[WORK REQUEST]
Leaving out the pictures, return word for word the stretch of entries below from the line holding "Porco de Pérola" through the line holding "Twin 508 dual".
(INPUT DATA begins)
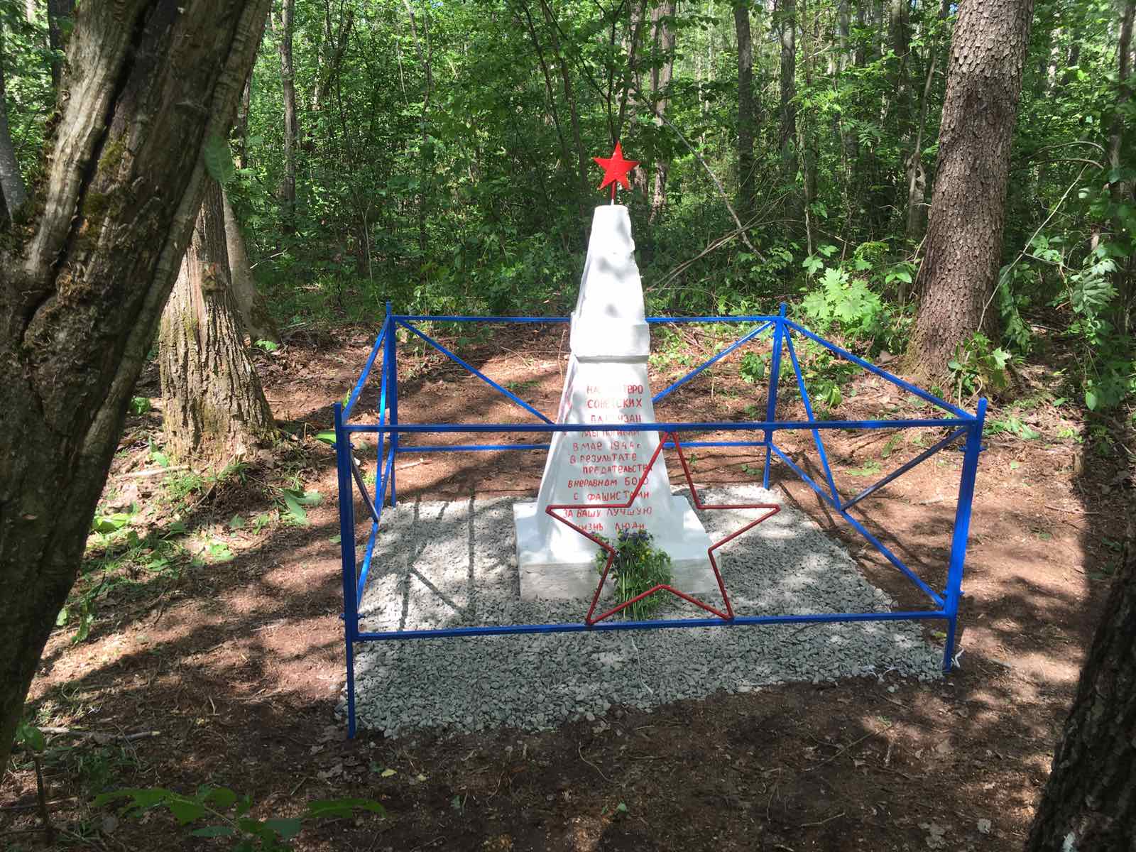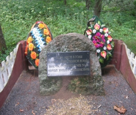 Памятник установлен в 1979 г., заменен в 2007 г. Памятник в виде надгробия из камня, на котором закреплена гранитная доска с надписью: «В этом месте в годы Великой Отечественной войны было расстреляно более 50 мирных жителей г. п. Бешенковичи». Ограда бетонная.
(INPUT DATA ends)
(INPUT DATA begins)
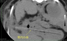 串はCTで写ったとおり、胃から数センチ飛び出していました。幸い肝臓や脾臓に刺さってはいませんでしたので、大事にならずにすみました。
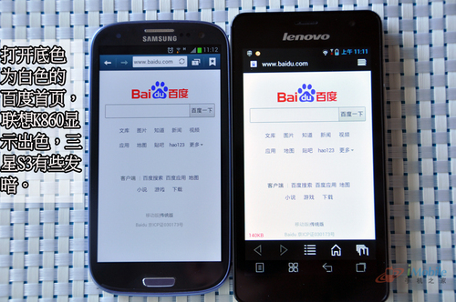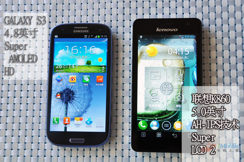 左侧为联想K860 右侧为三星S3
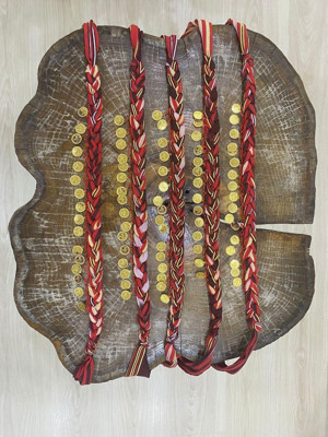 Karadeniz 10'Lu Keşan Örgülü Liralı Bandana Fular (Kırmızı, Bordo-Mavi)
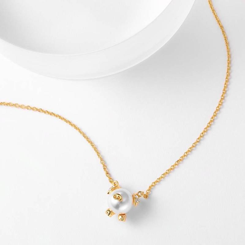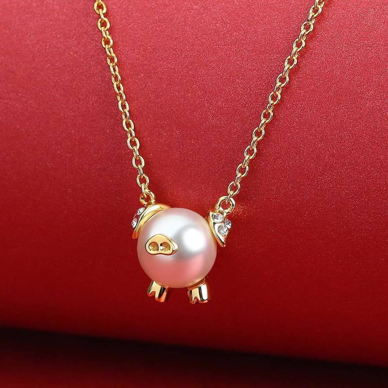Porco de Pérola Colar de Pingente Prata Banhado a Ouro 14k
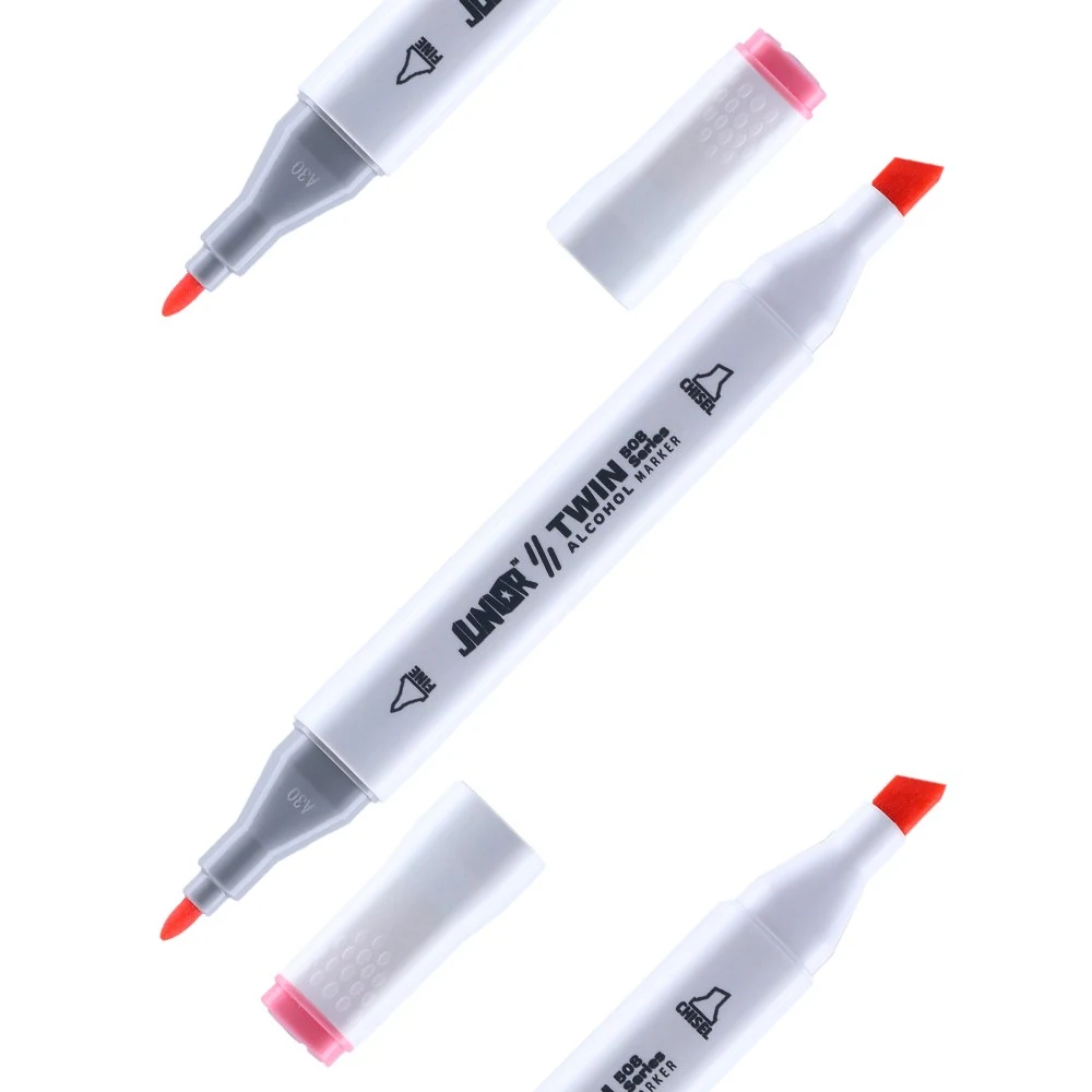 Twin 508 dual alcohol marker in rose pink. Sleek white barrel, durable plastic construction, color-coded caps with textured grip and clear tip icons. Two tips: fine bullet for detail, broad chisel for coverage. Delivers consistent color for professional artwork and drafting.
(INPUT DATA ends)
[WRITTEN SOLUTION]
Porco de Pérola Colar de Pingente Prata Banhado a Ouro 14k
 Twin 508 dual alcohol marker in rose pink. Sleek white barrel, durable plastic construction, color-coded caps with textured grip and clear tip icons. Two tips: fine bullet for detail, broad chisel for coverage. Delivers consistent color for professional artwork and drafting.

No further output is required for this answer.